Electrochemical water splitting is an efficient and promising technology for the production of high‐purity hydrogen by converting electricity, especially from renewable energy, into chemical energy. However, its practical use for mass hydrogen production is limited by the large overpotential of oxygen evolution reaction (OER) at the anode and hydrogen evolution reaction (HER) at the cathode. Low‐cost and highly active electrocatalysts are needed to decrease the energy barriers, thus enhancing the energy conversion efficiency and lowering the production cost. Anode catalysts such as IrO2 and RuO2, and cathode catalysts such as Pt/C are traditionally used to promote OER and HER, respectively.1 However, these catalysts suffered from low abundance and high cost, limiting the large‐scale commercialization of water electrolysis.

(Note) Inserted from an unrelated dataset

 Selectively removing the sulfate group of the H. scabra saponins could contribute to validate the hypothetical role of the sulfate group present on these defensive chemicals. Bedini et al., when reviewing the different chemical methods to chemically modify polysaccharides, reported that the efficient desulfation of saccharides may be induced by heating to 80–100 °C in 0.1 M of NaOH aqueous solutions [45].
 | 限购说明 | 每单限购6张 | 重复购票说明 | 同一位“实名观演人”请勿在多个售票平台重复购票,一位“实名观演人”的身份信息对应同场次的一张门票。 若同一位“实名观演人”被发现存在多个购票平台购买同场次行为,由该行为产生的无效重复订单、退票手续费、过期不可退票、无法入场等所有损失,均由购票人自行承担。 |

In the past few years, the development of efficient and noble‐metal‐free OER and HER catalysts based on the earth‐abundant transition metals has received extensive research interests. For example, transition metal (Ni, Co, Mo, W, etc.) oxides/hydroxides, perovskite oxides for OER,2 and transition metal sulfides, nitrides, selenides, phosphides, carbides, and borides for HER have been reported.3 Among those non‐noble‐metal electrocatalysts for OER, Ni(OH)2 as a typical transition metal hydroxides has received attention because of its high activity and stability. While NiMo alloy4 and NiFe composites5 are known as the highly active electrocatalysts for OER and HER, respectively. The high OER activity of NiFe catalysts originates from a strong synergistic effect from the incorporation of Fe, although the clear structural characterization and catalytic mechanisms are not fully understood yet.6 NiMo alloy is one of the best nonprecious‐metal electrocatalysts for HER in alkaline electrolytes because of its appropriate binding energy to hydrogen.7 Although substantial progress has been achieved, the challenges still remain for the exploration of low‐cost catalysts with superior activity and stability to noble metal counterparts, especially by the facile and scalable methods.

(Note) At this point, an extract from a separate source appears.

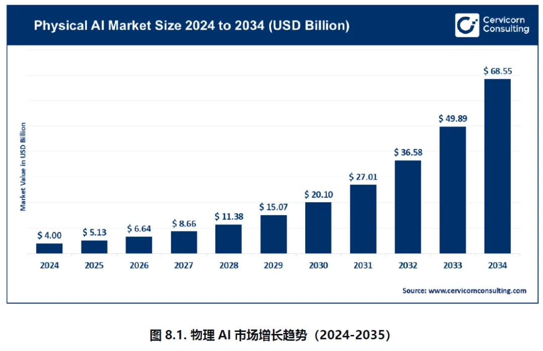 物理 AI 的兴起不仅是一项技术突破,更将催生全新的产业生态和竞争范式。全球物理 AI 市场正迎来关键发展拐点,预计将以 33.49% 的年复合增长率持续高速扩张,2025 年全球市场规模已达 51.3 亿美元,至 2034 年有望突破 685 亿美元。随着技术复杂度提升和应用场景深化,传统的垂直一体化研发模式难以持续,专业化分工与生态协同成为必然趋势,产业竞争焦点也从硬件本体转向软件、数据及生态系统。

It is known that the rational design of electrode structure is vital for improving its catalytic performance. The fabrication of 3D nanostructured electrode with high active and stability is an effective strategy due to the large exposed surface area and structural merits for efficient mass transfer and gas escaping. Moreover, 3D nanostructure allows the electrode to take the advantage of strong coupling effects between different active components. 3D nanostructured electrodes usually can be fabricated by constructing 1D or 2D building block arrays, such as nanowire arrays, nanosheet or nanoplate arrays. Taking the advantage of 2D building blocks at nanoscale such as the abundant accessible surface sites, short electron transfer pathway, and easy coupling with other active materials for advancing the performance, the fabrication of such 3D nanostructured electrodes composed of 2D nanoblocks would be a possible way to achieve low‐cost and highly active electrocatalysts for electrochemical water splitting.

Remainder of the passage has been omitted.